> Data excerpt
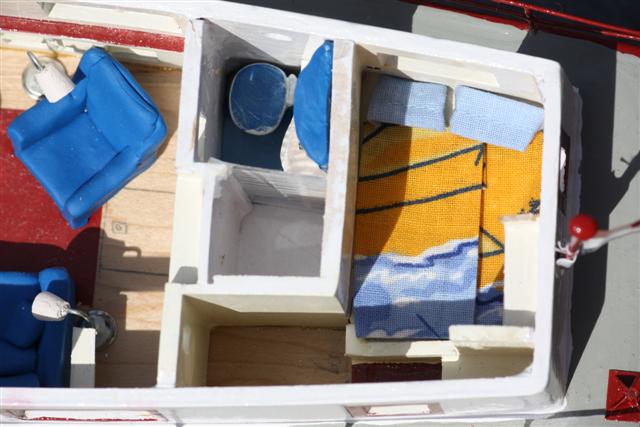 stuurboord zit al in de stuurhut. De bedden voor in het roefje
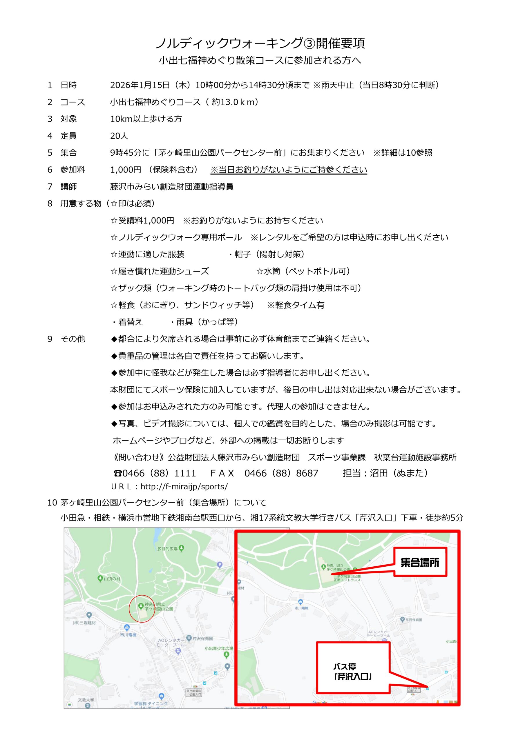 【秋葉台文化体育館】ノルディックウォーキングⅢ参加者募集
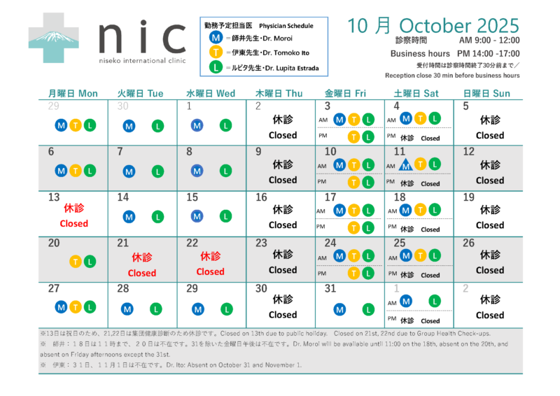 ※ Closed on October 13 (public holiday) and October 21–22 (group health checkups).
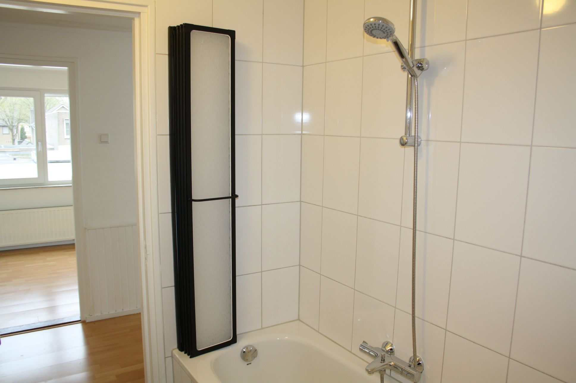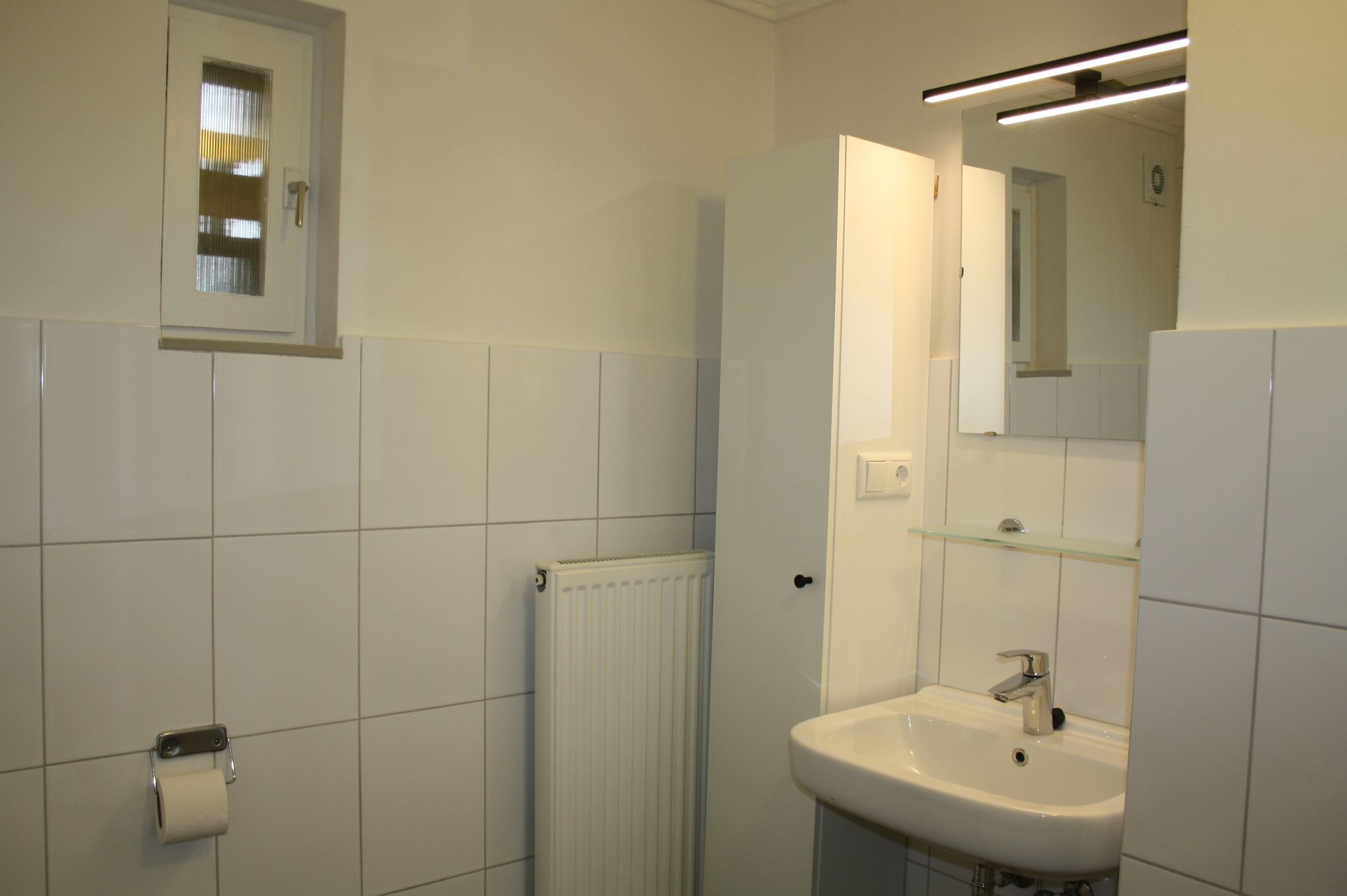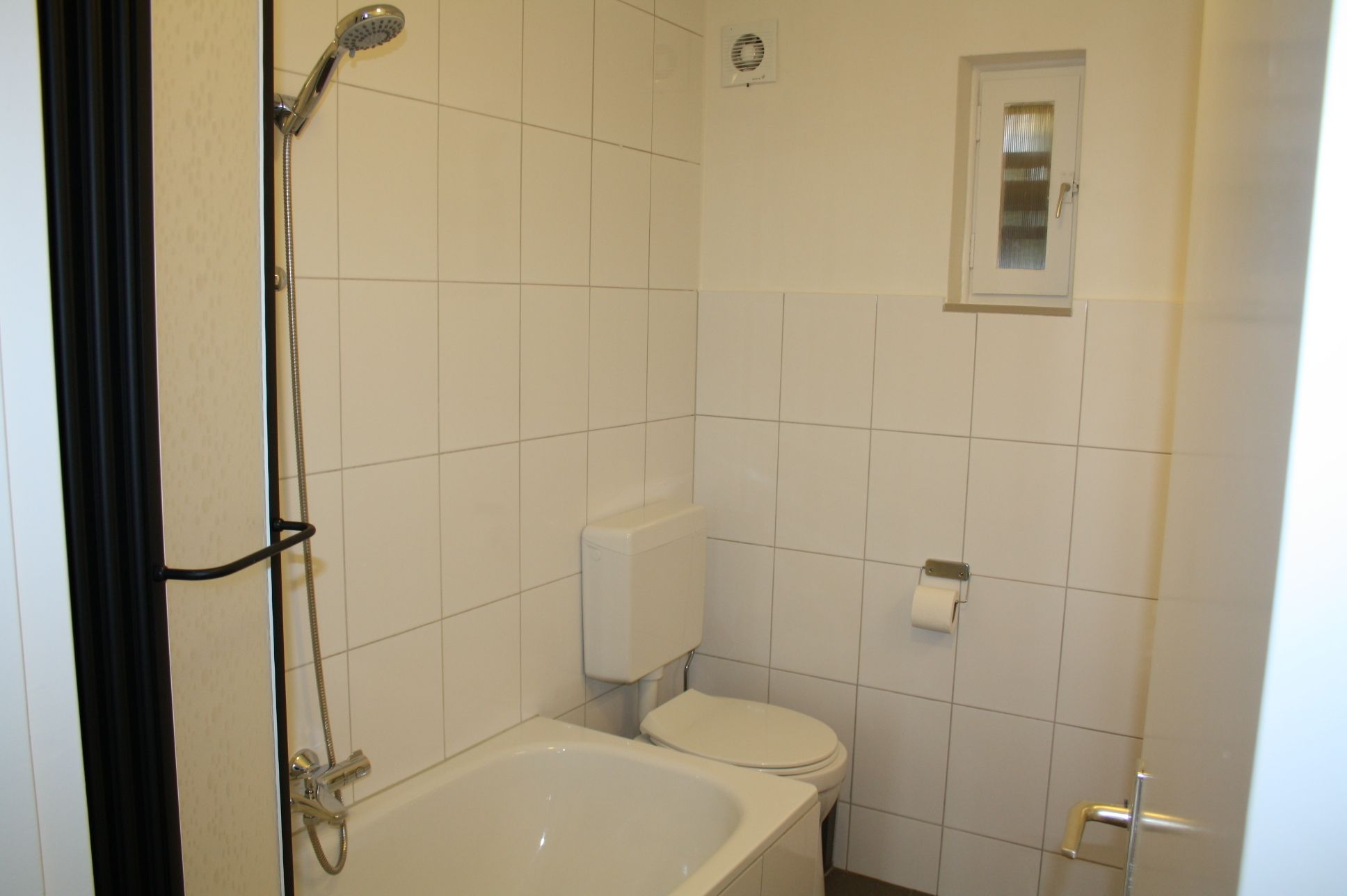 Half hoog betegelde badkamer (circa 4m2) met ligbad, douchescherm, wastafel met badmeubel en 2e toilet.

> Problem details
Return the material in full and unaltered, minus its pictures.

> Reply to the exercise
 stuurboord zit al in de stuurhut. De bedden voor in het roefje
 【秋葉台文化体育館】ノルディックウォーキングⅢ参加者募集
 ※ Closed on October 13 (public holiday) and October 21–22 (group health checkups).
 Half hoog betegelde badkamer (circa 4m2) met ligbad, douchescherm, wastafel met badmeubel en 2e toilet.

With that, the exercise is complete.